Find the line holding "- مقاس الوحدة" in the entries below. Give it again exactly, along with every line after it up to and including the line holding "Potager surélevé en".

▶ [Records]:
-----

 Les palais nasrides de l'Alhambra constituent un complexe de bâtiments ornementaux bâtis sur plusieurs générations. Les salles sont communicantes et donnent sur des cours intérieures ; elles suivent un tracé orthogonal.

-----

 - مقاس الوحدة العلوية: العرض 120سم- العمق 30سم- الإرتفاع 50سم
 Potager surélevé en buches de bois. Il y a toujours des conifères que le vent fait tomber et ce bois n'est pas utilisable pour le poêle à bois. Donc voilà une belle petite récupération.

-----

▶ [Your response]:
 - مقاس الوحدة العلوية: العرض 120سم- العمق 30سم- الإرتفاع 50سم
 Potager surélevé en buches de bois. Il y a toujours des conifères que le vent fait tomber et ce bois n'est pas utilisable pour le poêle à bois. Donc voilà une belle petite récupération.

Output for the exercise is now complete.